Hollywood Women Screenwriters: The Brave 13 Percent or I’m Feeling the “Melancholia” – Where Are “The Descendants” of Women?
Only 13.8 percent of the working screenwriters in Hollywood are women.
Women are unfairly underrepresented in the movie industry and it’s blatant discrimination against 50 % of humanity, including your mother, grandmother, wife, girlfriend, sister and daughter. Stories by women are being lost, generations of archetypes, role models and sympathetic characters down the drain, because the movie industry is so dominated by men.
The question many men connected to Hollywood insiders and agents ask themselves, when they encounter a woman screenwriter, is not “could this be the next great literary talent?” but “would I do her?” All the men I have met connected to the motion picture industry who expressed interest in my scripts, instead, sexually harassed me. That includes a screenwriting instructor, his agent and another agent I met at a screenwriters’ conference. They never actually read my work, and I was certainly not shown respect. Despite them, I continue to write.

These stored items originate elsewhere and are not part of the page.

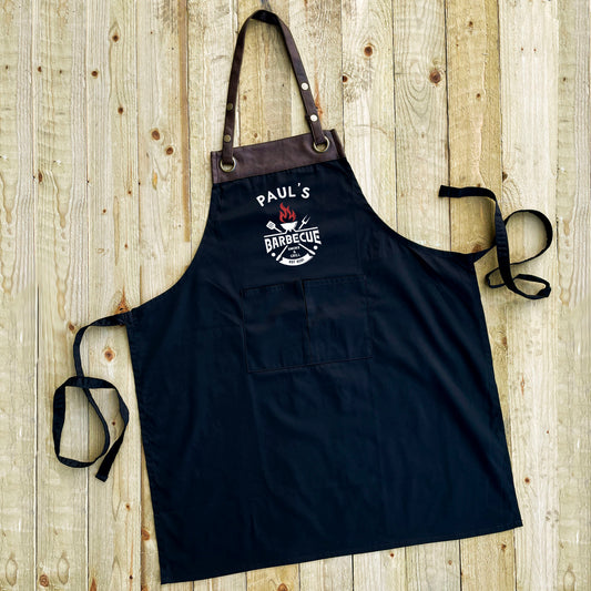 Personalised Faux Leather Apron - BBQ Est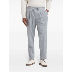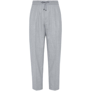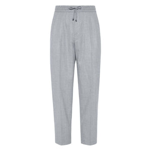 beluga grey virgin wool pressed crease elasticated drawstring waistband two side slit pockets two rear jetted pockets tapered leg Wool trousers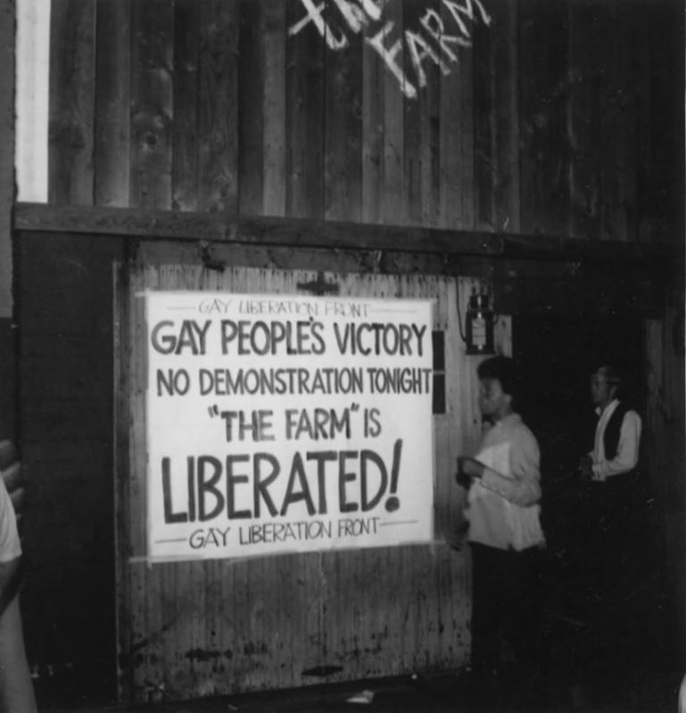 Image: The Gay Liberation Front (GLF) protests forced the owner of the Los Angeles bar The Farm to rescind the no-touching rule prevalent at gay bars at the time. The GLF celebrated by posting outside The Farm the sign "Gay People's Victory / No Demonstrations Tonight / 'The Farm' is / Liberated!" 1970. Gay Liberation Front (GLF) Los Angeles Records. ONE Archives at the USC Libraries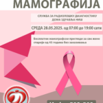 Дана 28.05.2025. године, у Служби за радиолошку дијагностику Дома здравља Ниш биће организована акција „Отворена врата за мамографију“ намењена женама старосне доби од 45 до 69 година живота без упута и заказивања.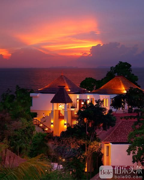 坐落于自家的私人海滩,四周环绕着热带景观 🌴

I am grateful to Jane Fonda, who attached herself to my first screenplay and other women I’ve met who encouraged me, but I know it’s not easy for them to help me get an agent. In the early days of filmmaking women were strongly represented, and there were numerous successful women screenwriters like Anita Loos and Frances Marion and directors like Lois Weber. Backed by the powerful producer Mary Pickford, they helped create the Hollywood motion picture industry. Nowadays, scripts won’t be considered because they are written by women.

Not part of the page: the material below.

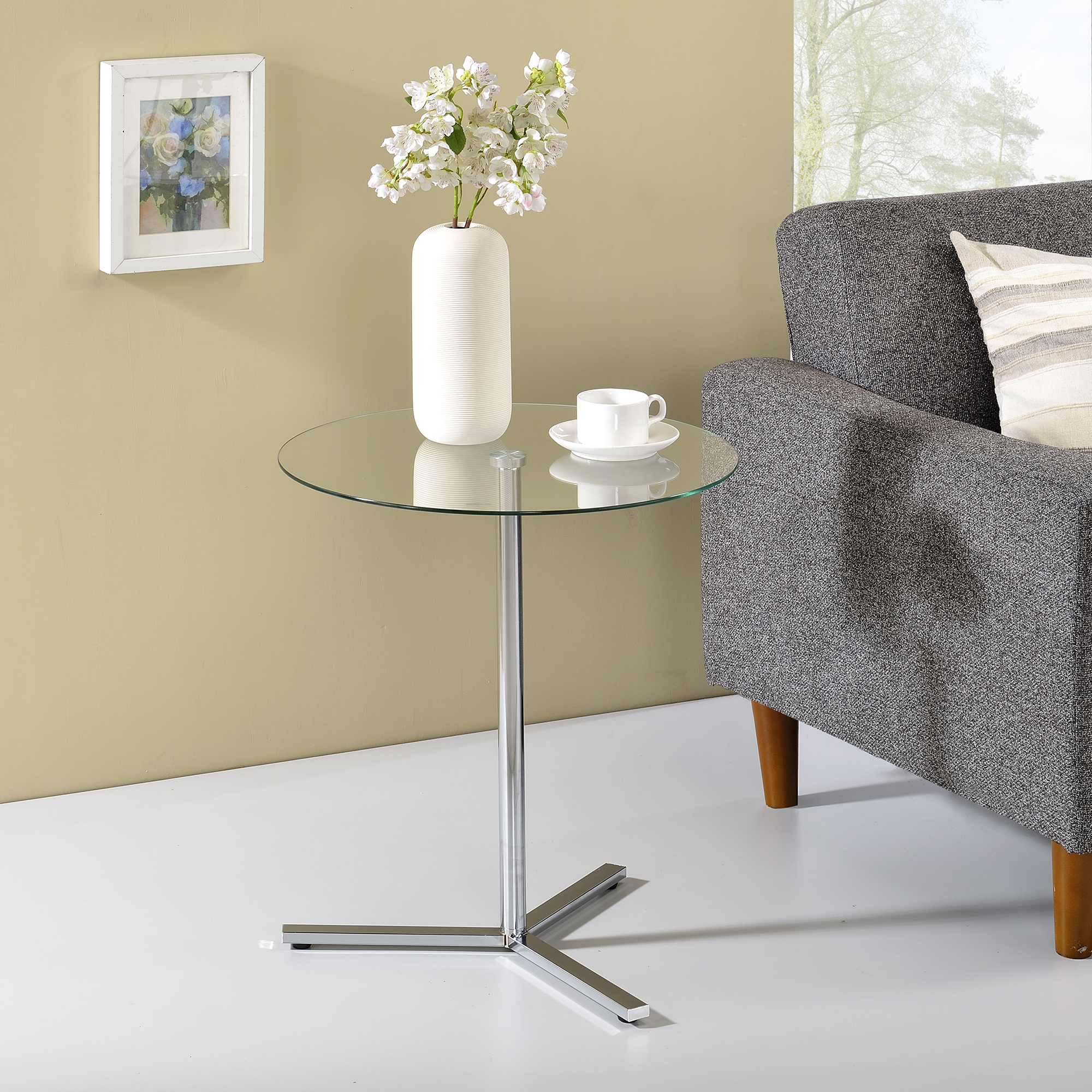Kings Brand Furniture - Modern Accent Side End Table, Chrome Metal / Glass

“The Descendants,” the latest film written and directed by Alexander Payne, continues to garner critical acclaim and has already been nominated for many awards. Woman love Payne’s movies, and it’s a good thing we have them to go to, because only 4 women, total, directed top 200 Hollywood films in 2011. Another awards season is rolling around and there are no women screenwriters or directors nominated for most of the major awards this year, although the Golden Globes nominated “Bridesmaids” for Best Comedy, and the Writer’s Guild of America nominated Annie Mumolo and Kristen Wiig for “Bridesmaids” plus Diablo Cody for “Young Adult” in the category Best Original Screenplay.

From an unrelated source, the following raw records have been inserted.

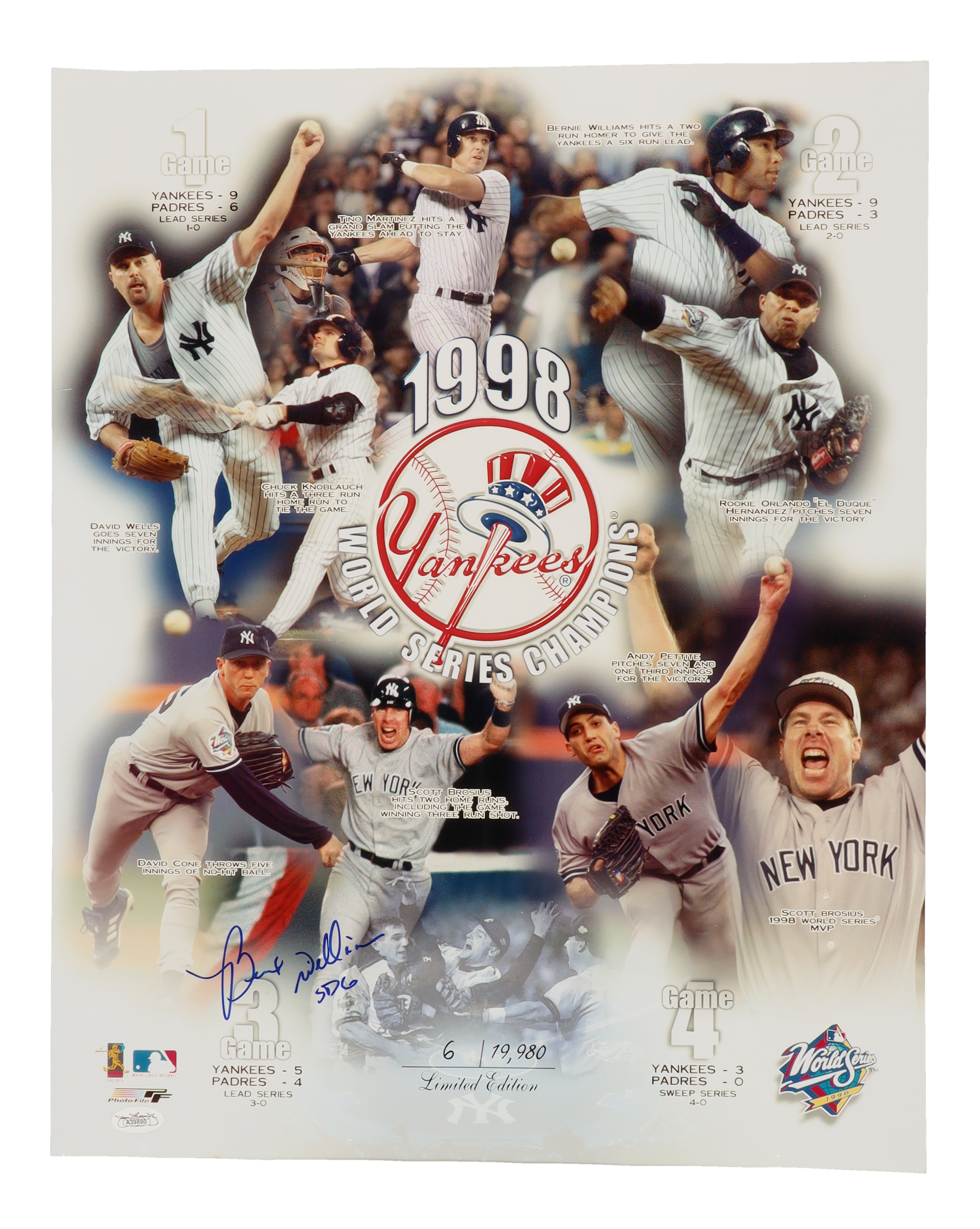 Photo measures 16" x 20" in size and has been hand-signed by Bernie Williams (New York Yankees).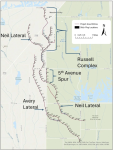 The map on the left illustrates proposed ditch plug locations on select laterals throughout NNWR.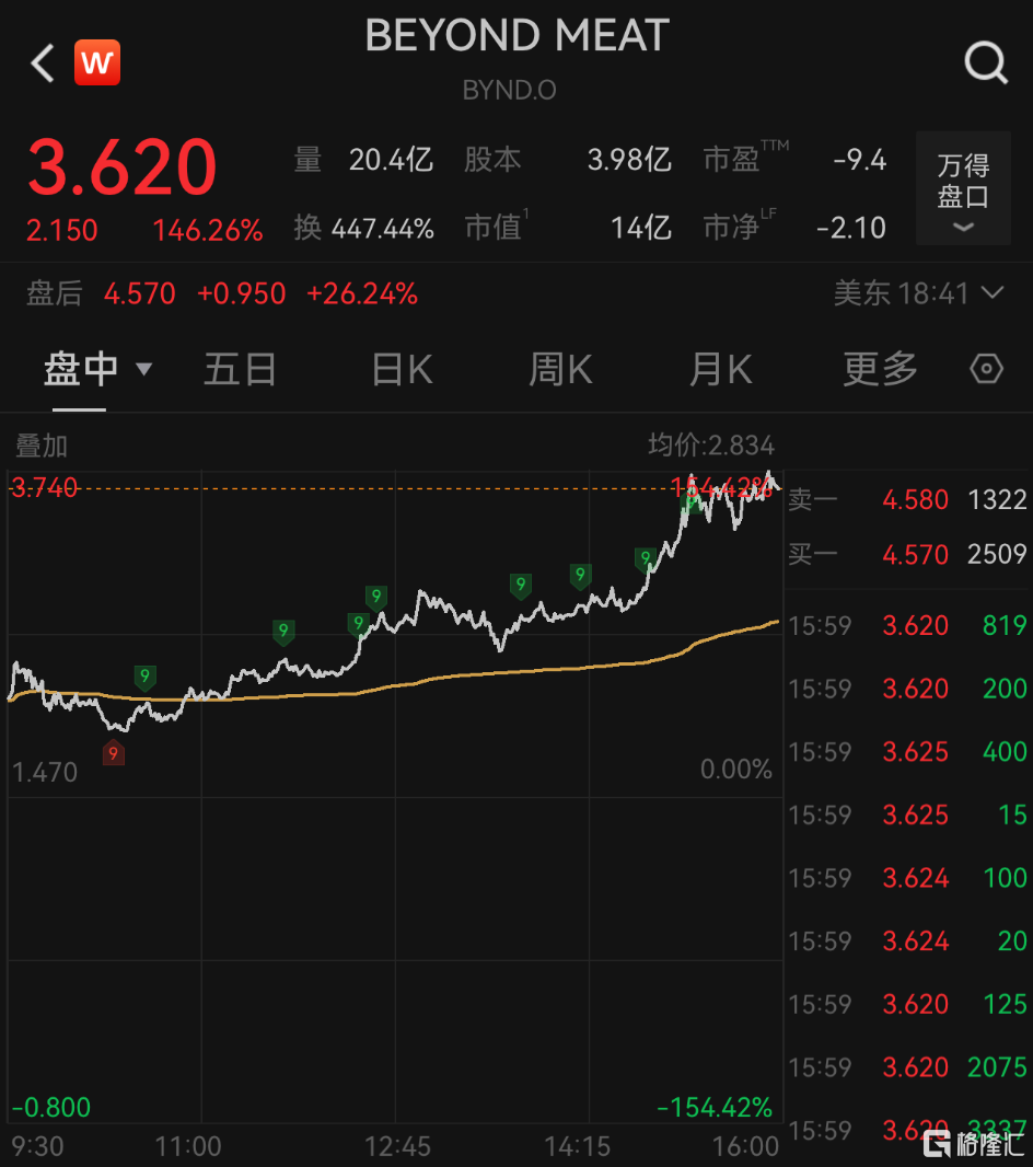 消息面上,人造肉第一股Beyond Meat昨夜再度大涨,收盘涨146.26%,近三个交易日股价累计涨幅近600%。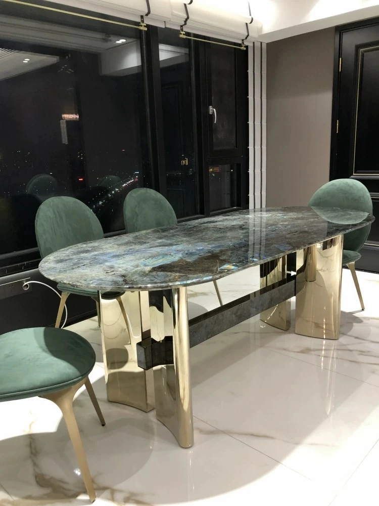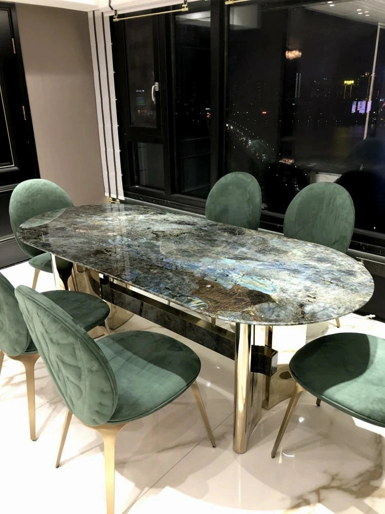 輸入インポートブルージェード高級石材ダイニングテーブル 長方形高級ヴィラ用天然大理石パンドラ・ラグジュアリースタイルダイニングテーブルで、特別なひとときを提供します。

From “Facts and Statistics About Women in Hollywood” by Melissa Silverstein:
• Women directed 7% of the top 250 grossing films of 2010, the same as 2009.
• Women wrote 10% of the top 250 grossing films of 2010, up 2% from 2009.
• Women comprised 15% of all executive producers, down 2% from 2009.
• Women comprised 24% of all producers, up from 2009.
• 18% of all editors were women, the same as 2009.
• 2% of all cinematographers were women, the same as 2009.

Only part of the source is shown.